Bush Deleted Intel Report Passage Saying Saddam Would Only Attack in Self-Defense
New film on the prosecution of Bush in theaters
Of all the many Bush administration deceptions employed to frighten the American people into supporting the invasion of Iraq, perhaps the most important and best-kept secret is the doctoring of the National Intelligence Estimate of 2002, the "gold standard" report which combined the considered opinion of 16 US intelligence agencies. In the run-up to the invasion, there were two versions of the report: the classified report which the intelligence agencies gave to Bush, and the one that the Bush administration gave to Congress.
Contrary to the mindless repetition at the time from pundits such as Sean Hannity that Congress was "looking at the same intelligence," it was not.
In the summary section called "Key Judgements" of the classified report which Bush was given, US intelligence said that Saddam Hussein would likely only support terrorist attacks on the US in self-defense, if he felt threatened. The classified National Intelligence Estimate 2002 (NEI 2002) read on page 8:
"Baghdad for now appears to be drawing a line short of conducting terrorist attacks with conventional or CBW against the United States, fearing that exposure of Iraqi involvement would provide Washington a stronger cause for making war.
Iraq probably would attempt clandestine attacks against the US Homeland if Baghdad feared an attack that threatened the survival of the regime were imminent or unavoidable, or possibly for revenge."

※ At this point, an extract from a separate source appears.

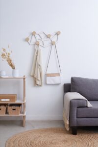 Perchero Vitto. Melamina blanco de 12mm y melamina roble de 18mm de espesor. Se entrega armado y posee 2 tarugos + 2 tornillos para ser amurado a la pared. Medidas: 60x30x5cm.
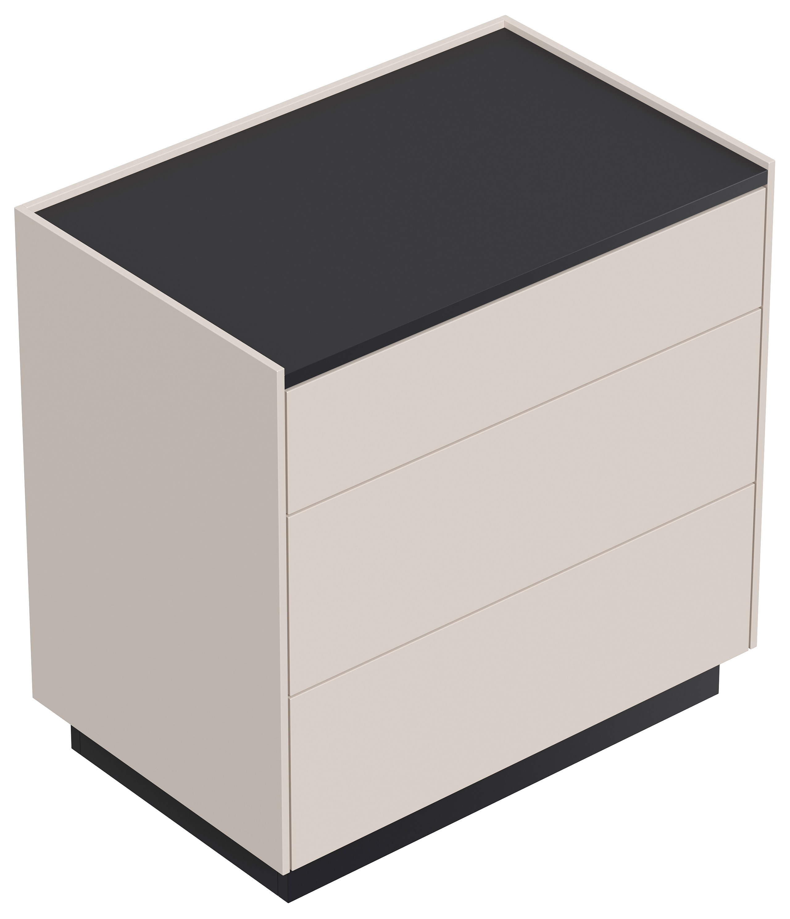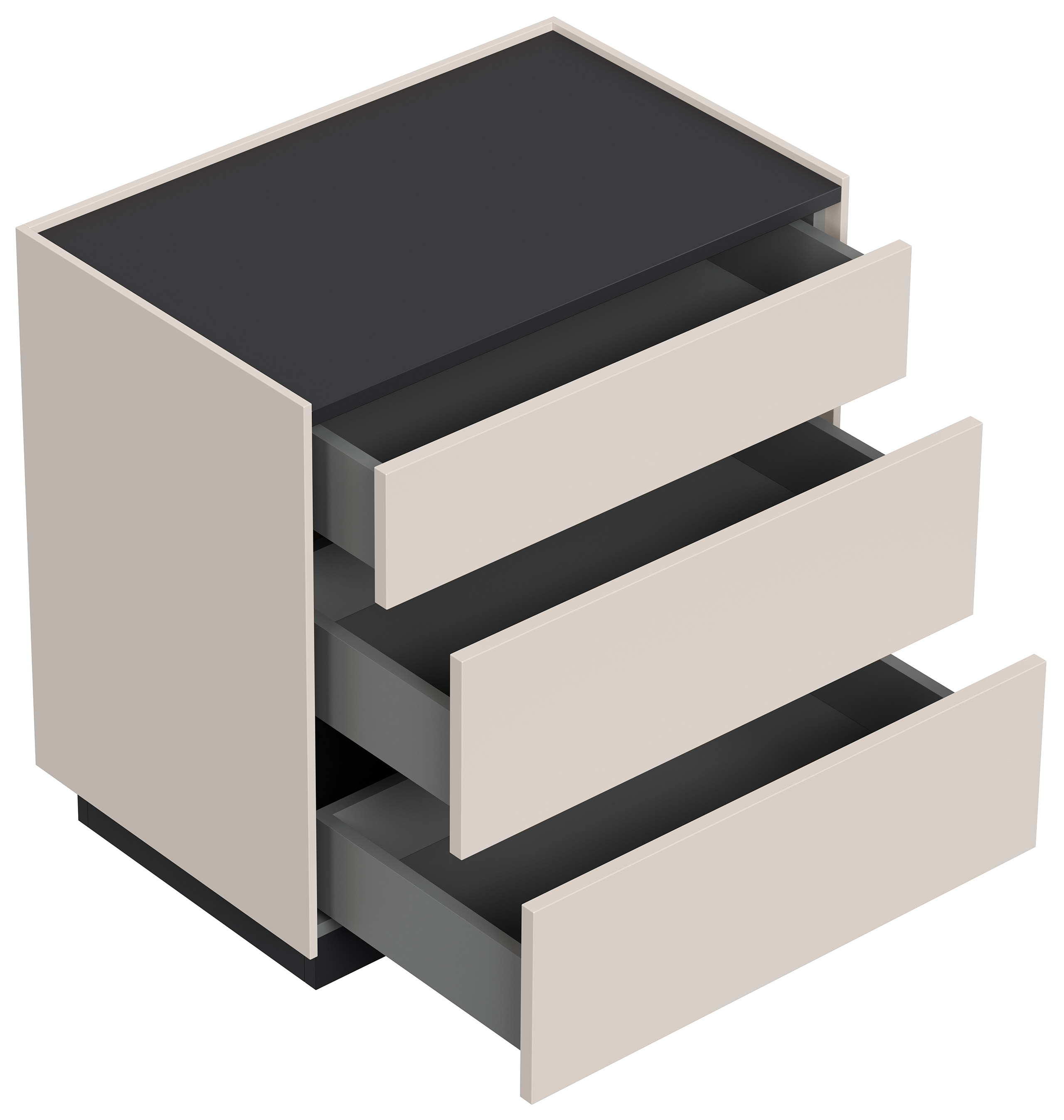 Nachttisch Lux XL 70cm, 3 Pushauszüge lackiert Creme Grafit für Boxspringbett

In other words, the classified, full version of the report that Bush had was saying that Saddam knew that if any part or role in a terrorist attack was ever traced back to him, it would be national suicide.
This was contrary to statements by Bush, Cheney, Secretary of State Condoleeza Rice and Secretary of Defense Donald Rumsfeld that Saddam presented a direct, immediate threat to the United States, and that he was ready to attack the United States "in as little as 45 minutes." In the version given to the public and to Congress, this opinion was completely deleted from the "Key Judgements" section.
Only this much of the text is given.